Ontario Tech University is the first in Canada to reach an agreement with a pro-Palestinian encampment—but some academics are criticizing the deal for singling out Israel

Screenshot of the pro-Palestinian encampment at Ontario Tech University, May 2024

Ontario Tech University, in Oshawa, Ont., has reached an agreement with the pro-Palestinian encampment that was set up on its campus, the first such deal reached in Canada between protesters and academic administration.

The university has agreed to disclose all of its investments and establish a responsible investment working group, while the signatories, who were four leaders of the encampment, agreed it would disband on May 20 and that they would not resume any encampment on the school’s grounds before May 2025.

The encampment was set up on May 6, part of a wave of protests at universities across North America criticizing Israel’s ongoing war in Gaza against Hamas. It was located in Polonsky Commons, a recreational area of the school named for Gary Polonsky, the founding president of Ontario Tech, which opened its doors in September 2003.

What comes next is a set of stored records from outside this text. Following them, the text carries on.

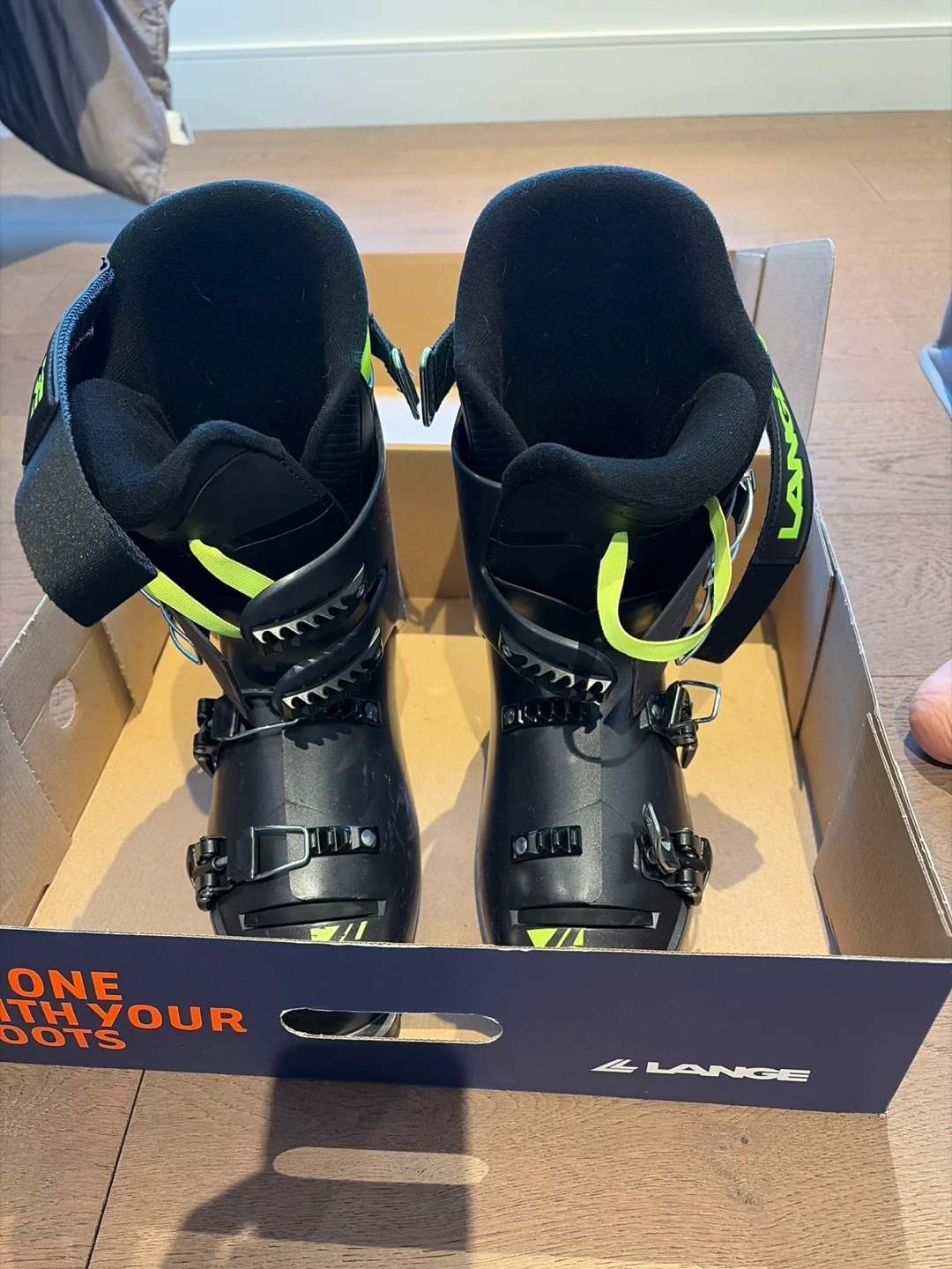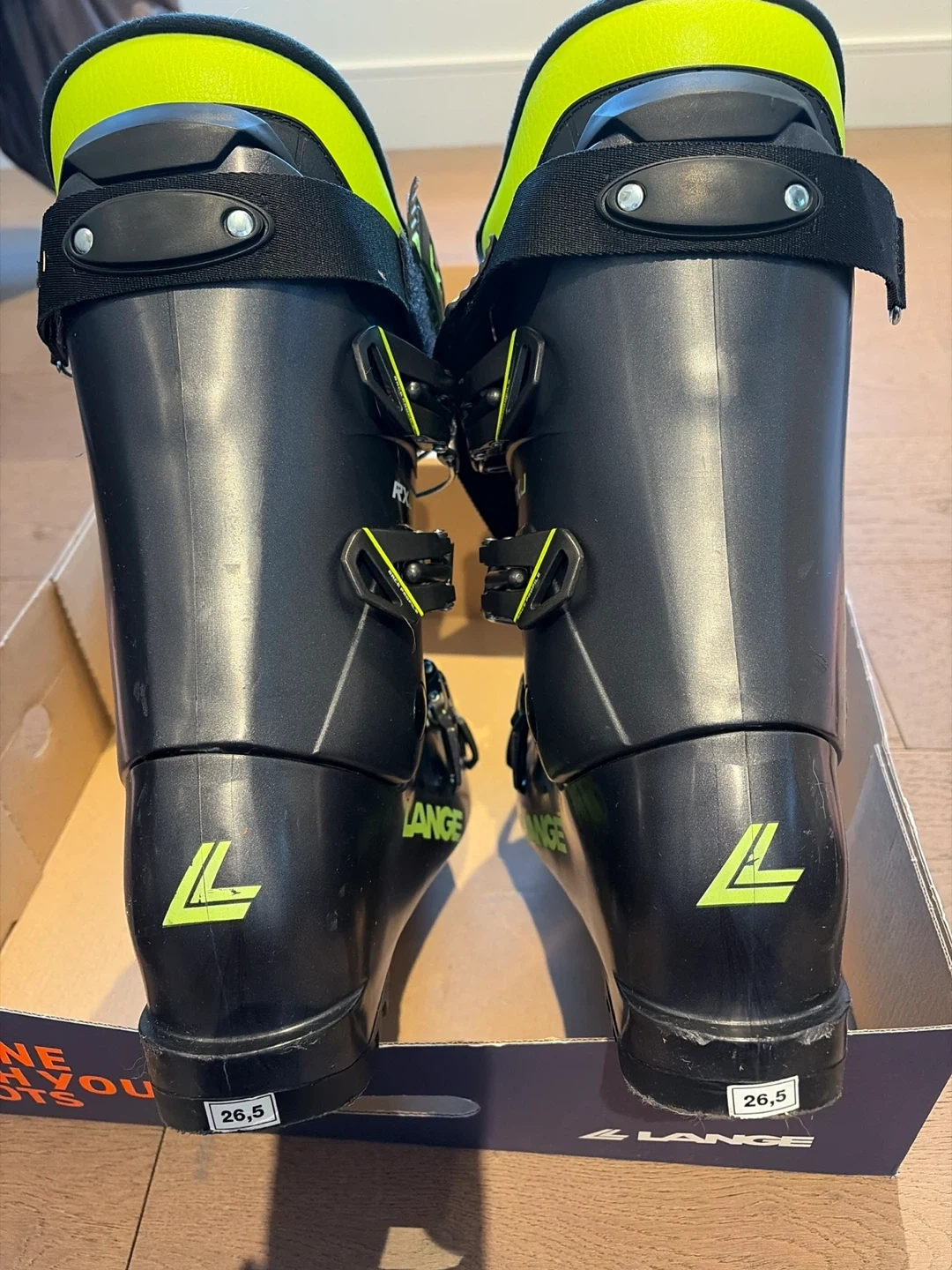 Selling a pair of Lange RXJ ski boots in Anthracite and Lime. They are size 26.5. Some scuffs but nothing major at all. Used a few times only. The original box is included!
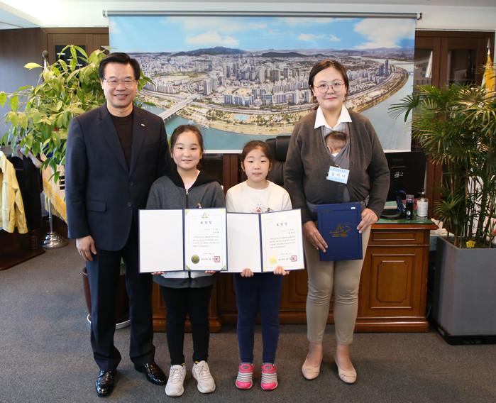 용산구가 최근 구청장실에서 코로나19와 관련해 개인 기부를 한 모범구민 3명에게 표창을 수여했다. 이날 수여식에는 성장현 구청장을 비롯해 모범구민 3명이 참여한 가운데 진행됐다. 사진은 표창 수여 후 기념촬영하는 성 구청장(왼쪽)과 모범구민의 모습. (사진제공=용산구청)
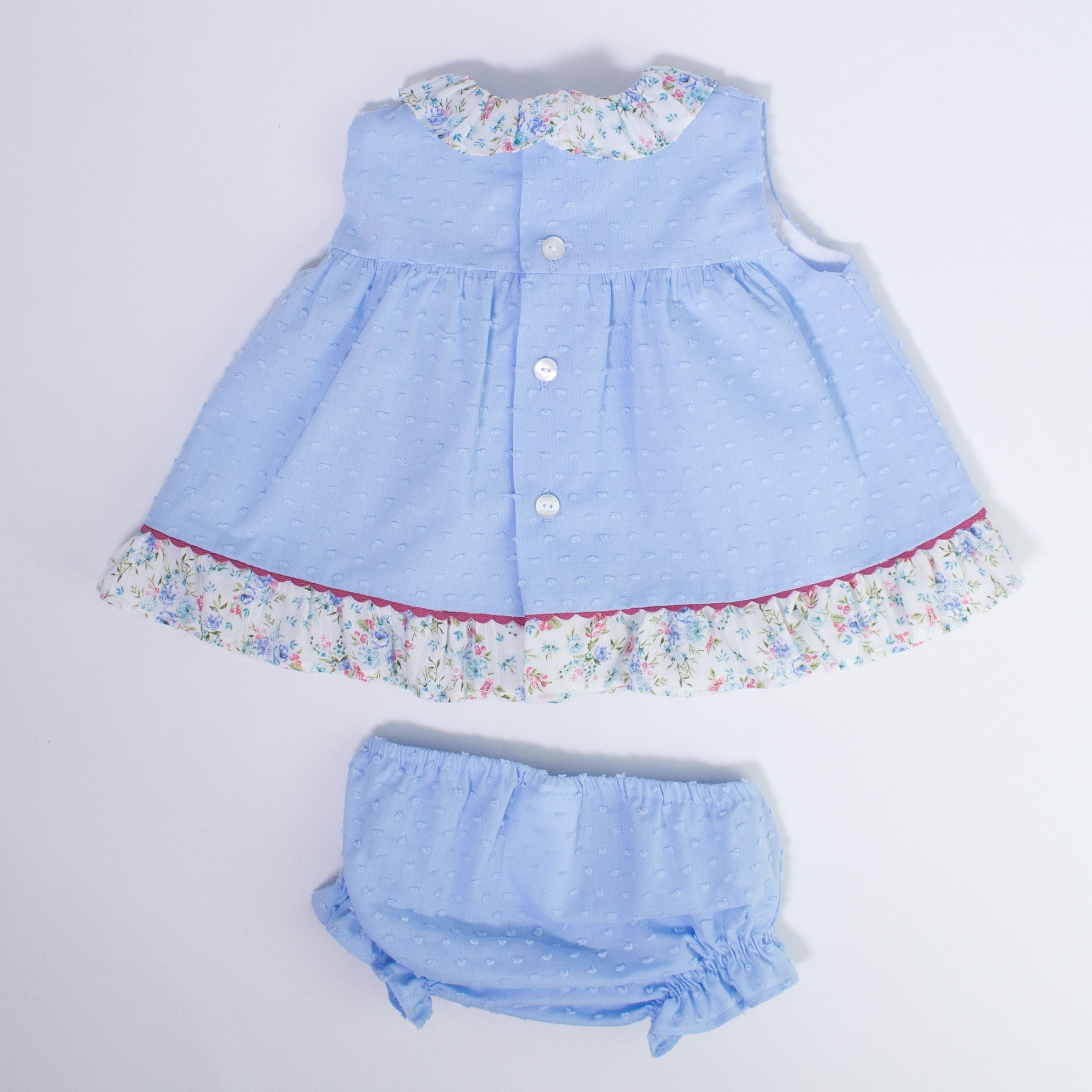 Culottein Plumetis einfarbig himmelblau mit elastischem Bund und Beinen.
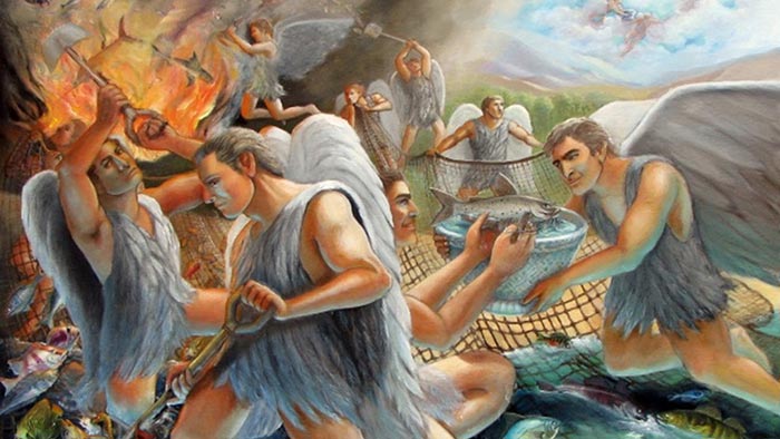Khi ấy, Đức Giê-su kể cho dân chúng nghe dụ ngôn này: “Nước Trời lại còn giống như chuyện chiếc lưới thả xuống biển, gom được đủ thứ cá. Khi lưới đầy, người ta kéo lên bãi, rồi ngồi nhặt cá tốt cho vào giỏ, còn cá xấu thì vứt ra ngoài. Đến ngày tận thế, cũng sẽ xảy ra như vậy. Các thiên thần sẽ xuất hiện và tách biệt kẻ xấu ra khỏi hàng ngũ người công chính, rồi quăng chúng vào lò lửa. Ở đó, chúng sẽ phải khóc lóc nghiến răng. “Anh em có hiểu tất cả những điều ấy không?” Họ đáp: “Thưa hiểu”. Người bảo họ: “Bởi vậy, bất cứ kinh sư nào đã được học hỏi về Nước Trời, thì cũng giống như chủ nhà kia lấy ra từ trong kho tàng của mình cả cái mới lẫn cái cũ”. Đó là lời Chúa.
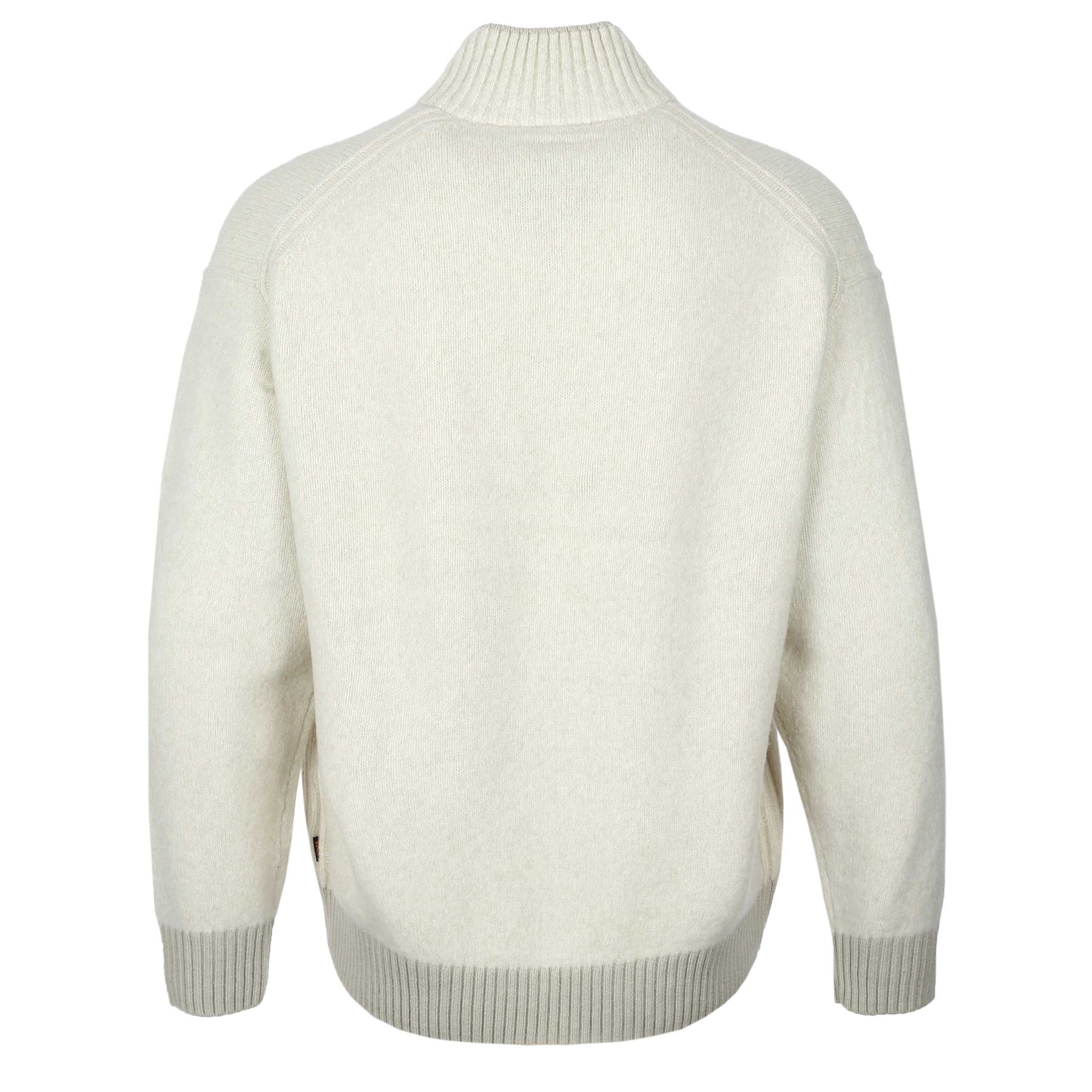 BOSS Kobear Quarter Zip in Light Beige. The BOSS Oversized Kobear Quarter Zip Jumper in Light Beige delivers heavyweight comfort with a modern, relaxed silhouette. Knitted from a luxurious wool blend enriched with yak fibres, it offers exceptional softness, warmth and a rich, textured feel. The plain-knit body is elevated with fully fashioned rib detailing along the seams and shoulders for a subtle, structured finish. A standout layer for transitional seasons and everyday premium wear.
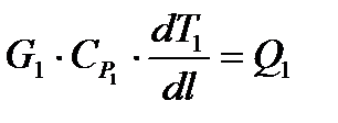 Для каждого теплоносителя запишем уравнение теплового баланса движущегося потока, гидродинамическая структура которого близка к представлениям, связанным с идеальным вытеснением:
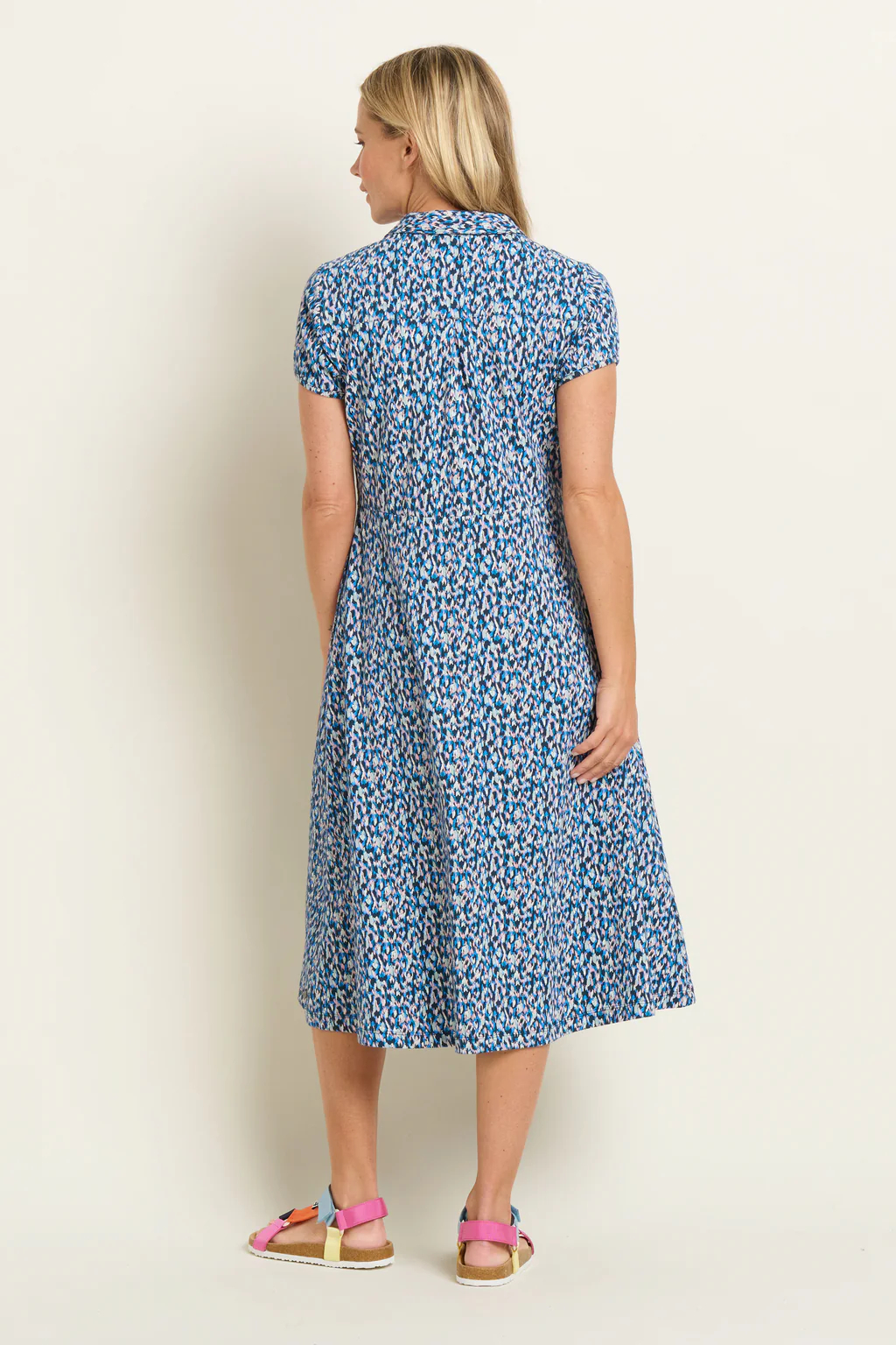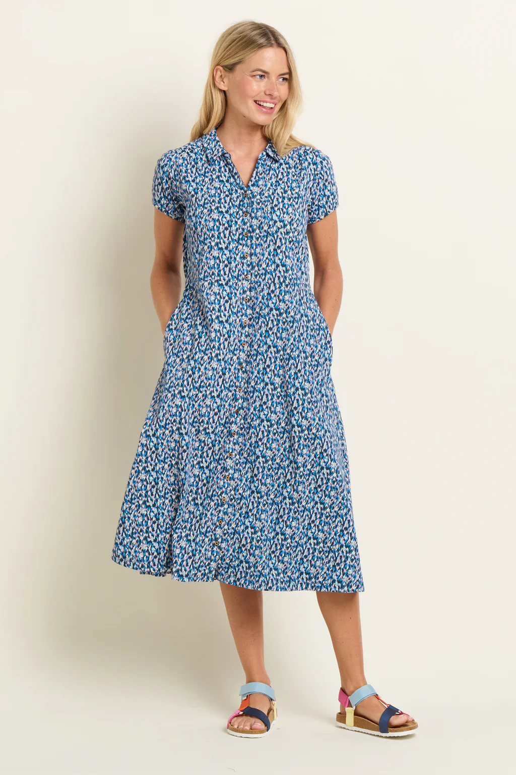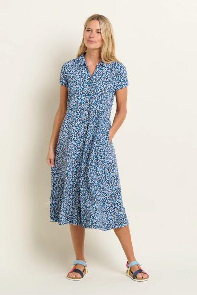 Camo print, but not as you know it. Almost verging on an animal print, the Brushed Camo shirt dress will help you stand out for all the right reasons. Featuring pockets and more pockets – at the waist and on the chest – it’s a fun yet functional jersey midi dress with short sleeves and a flattering, modern silhouette. Wear with your favorite sandals, flatforms, or even chunky white trainers for your everyday adventures.
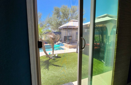 Welcome to our 2400 sq foot modern desert home! Only 30 minutes from the airport and 20 minutes to Glendale, enjoy your relaxing home away from home! Featuring designer keyless entry security gate and front door, open floor plan with lots of natural light, custom lighting throughout, walk in closet in master, dual sinks in both full bathrooms, 1/2 bath, ceiling fans in every room, large kitchen with island & pantry, office, flat screen TV's in all bedrooms and great room, secure indoor/outdoor area with workout equipment and flat screen TV. Spacious back yard features heated pool and hot tub with TV, ping pong table, gazebo with propane fire pit, seating covered by electric retractable awning, multiple sets of outdoor furniture, 2 additional fire pits in back yard, putting green, outdoor built in gas barbecue grill, outdoor bar with TV, and several umbrellas for shade. All 8 TV's are smart TV's for streaming and casting, as well as cable (Cox) included.
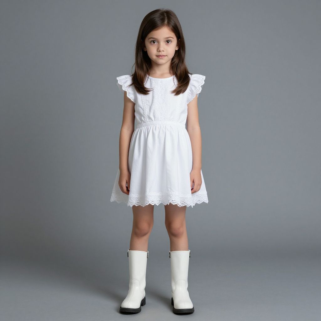 Realistic Girl in White Dress and Boots

The agreement does not require Ontario Tech to divest from any of its current investments. As part of the agreement, the university affirmed that “it is engaged in responsible investment practices,” and that “it is not aware of investments in any companies that are benefitting from the current Palestinian Humanitarian Crisis.”

According to the agreement, the university will disclose an annual report of all investments and holdings beginning in fall 2024, and the report will be available on the school’s website.

Additionally, the school will establish a responsible investment working group, which will review best practices and make recommendations to the Audit and Finance Committee. The group will pay “particular attention to companies involved in arms manufacturing and delivery and/or benefitting from military action in Palestine or elsewhere.”

The agreement then provides some points with further information about this group. It says the committee will be an advisory committee to the president and vice-chancellor, but does not specify how the president will choose which students to include. It also says “divestment will be made for companies that are determined to be in breach of established policy and process,” and similarly does not say how these determinations will be made.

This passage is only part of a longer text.